The MPC measurements (particles per ml of water) are the lowest that have been measured. No measurements of atmospheric particulate concentrations are available, but the low concentrations probably result from the high annual accumulation (∼0.55 m a−1, water equivalent), which dilutes the atmospheric input signal of particulates preserved in the firn. Swiss investigators reported similar results for the dilution of volcanic acids (e.g. SO42−), which muted the conductivity signals in a 201 m Siple Station core. The low concentrations make particles difficult to use for dating Siple cores. On the other hand, the low background levels of particulates may make Siple Station an excellent site for monitoring major atmospheric turbidity events (e.g. prolonged periods of desertification or volcanic activity).
The high annual accumulation leads to the excellent preservation of the δ18O annual signal. The annual δ18O signal ranges from 15‰ at the surface to 8‰ at 122 m, so it is probable that the annual δ18O signal will be preserved over the entire 500 year record, allowing nearly absolute dating of the core.

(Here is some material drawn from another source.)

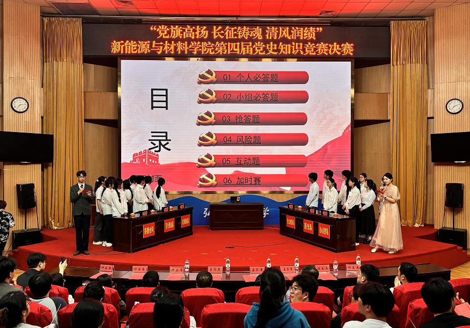 4月14日新能源与材料学院在图书馆报告厅隆重举行“党旗高扬 长征铸魂 清风润绩”第四届党史知识竞赛决赛。300余名师生代表现场观摩。经线上初赛选拔,6支队伍晋级决赛。比赛设个人必答、小组必答、抢答及风险题四个环节。赛场上,各队配合默契、你追我赶,尤其在抢答环节拼手速、比脑力,将气氛推向高潮;台下观众互动踊跃,形成良好学习氛围。最终,“初心逐梦队”斩获一等奖,“答题全队”“星火燎原队”获二等奖,“红帆领航...

The potential of a nearly absolute time-scale, coupled with detailed particulate, liquid-conductivity and δ18O histories, should provide the first proxy climate record from this area. This 500 year history will complement similar records anticipated from the Antarctic Peninsula (∼73° S) and that recently constructed from the James Ross Island ice cap. A more global climatic picture of the last 500 years may be obtained when these high-resolution Antarctic ice-core records are integrated with non-polar records (e.g. the Quelccaya ice cap, Peru, and the Dunde ice cap, China) of similar quality.